The Getline function inserts the character ' "(that is, the null character, whose value is 0) into the end of the array it creates to mark the end of the string. This Convention has been adopted in C language: When the C language program appears similar to

"Hello\0"

string constant, it will be stored as an array of characters, each of which stores each character of the string and ends with the ' I ' flag string.

The format specification%s in the printf function stipulates that the corresponding argument must be a string in this form. The implementation of the copy function relies on the fact that the input parameter is terminated by ' the ', which copies ' the ' to the output parameter. In other words, the empty character ' "is not part of the normal text.

It is worth mentioning that even the above such a small program, in passing parameters will also encounter some problems in the design problem. For example, when the length of the read is greater than the maximum allowable value, the main function should be handled, and the execution of the Getline function is safe, regardless of whether or not the newline character is reached, and it stops reading characters when the array is full.
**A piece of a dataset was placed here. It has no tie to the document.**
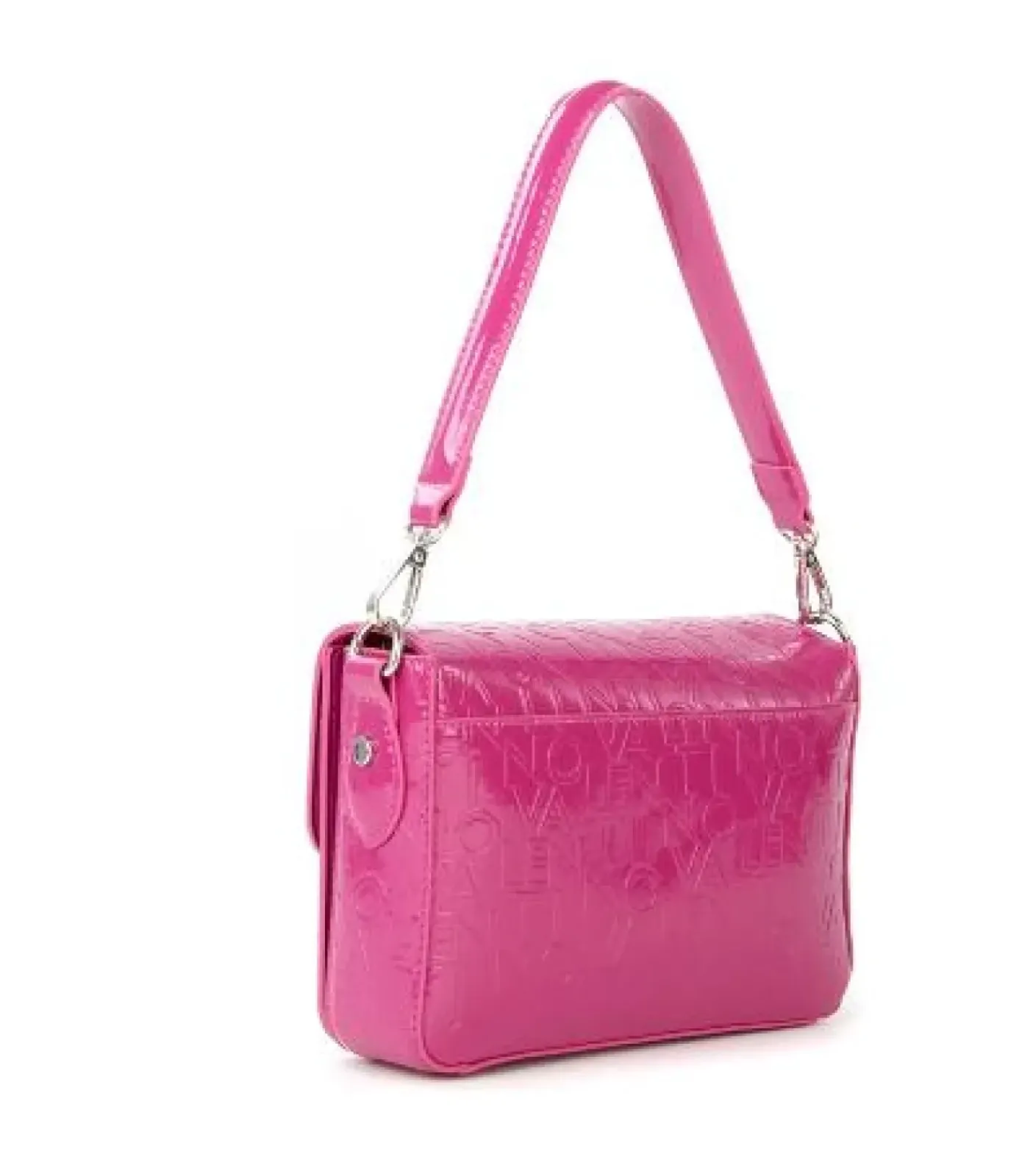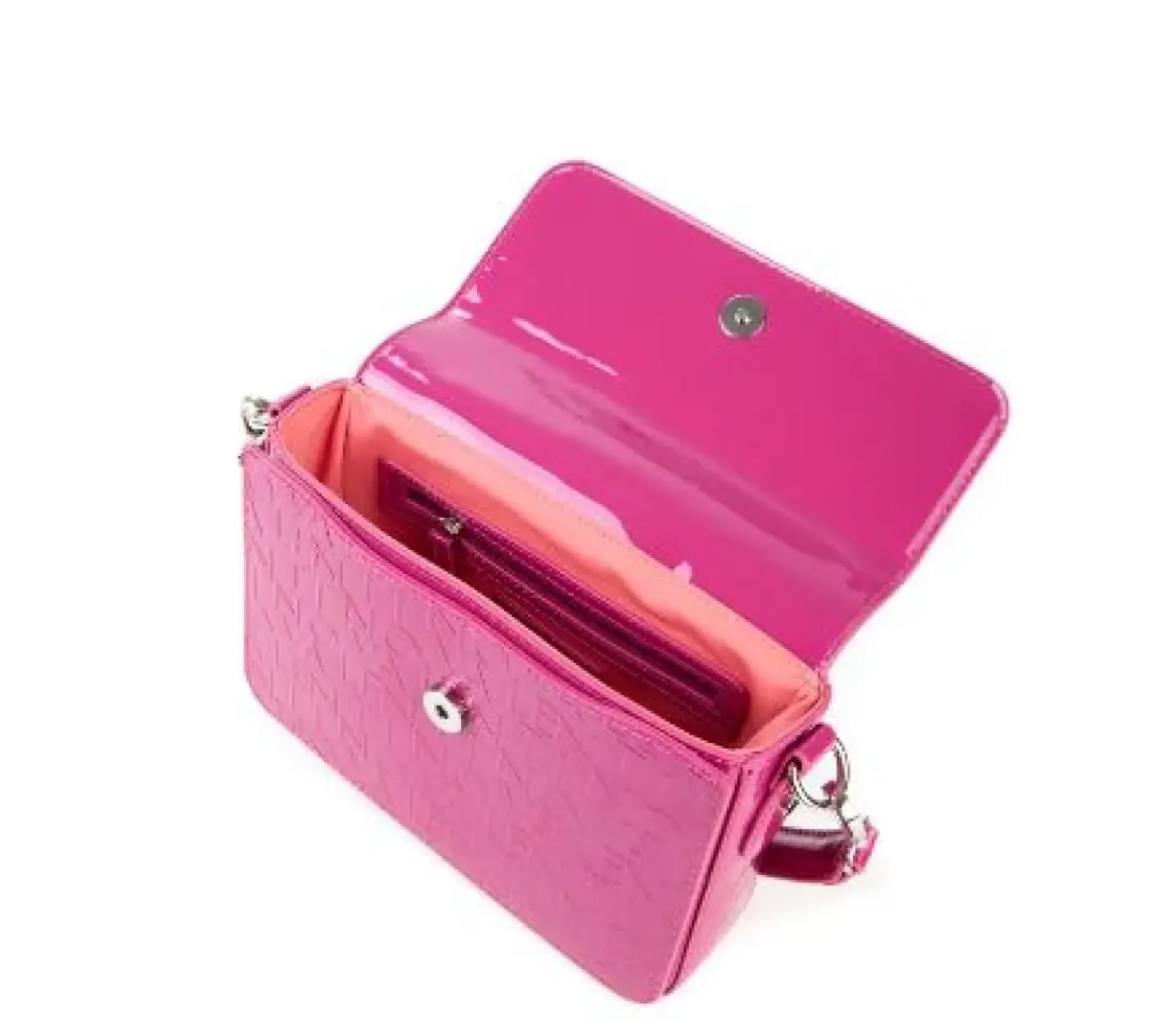 Pattina in ecopelle vernice con maxi stampa all over su tutta la borsa. Rivestita internamente in tessuto logato. Tasca con zip. Chiusura con patta e bottoni clip. Tracolla in ecopelle e tracolla in tessuto logato regolabile con ganci.

The main function can determine whether the current row is too long by testing the length of the row and checking the last character returned, and then handling it according to the specific situation. In order to simplify the procedure, we do not consider this issue here.

A program that calls the Getline function cannot know the length of the input line in advance, so the Getline function needs to check for overflow. On the other hand, the program that calls the copy function knows (and can find) the length of the string, so the function does not need to be checked for errors.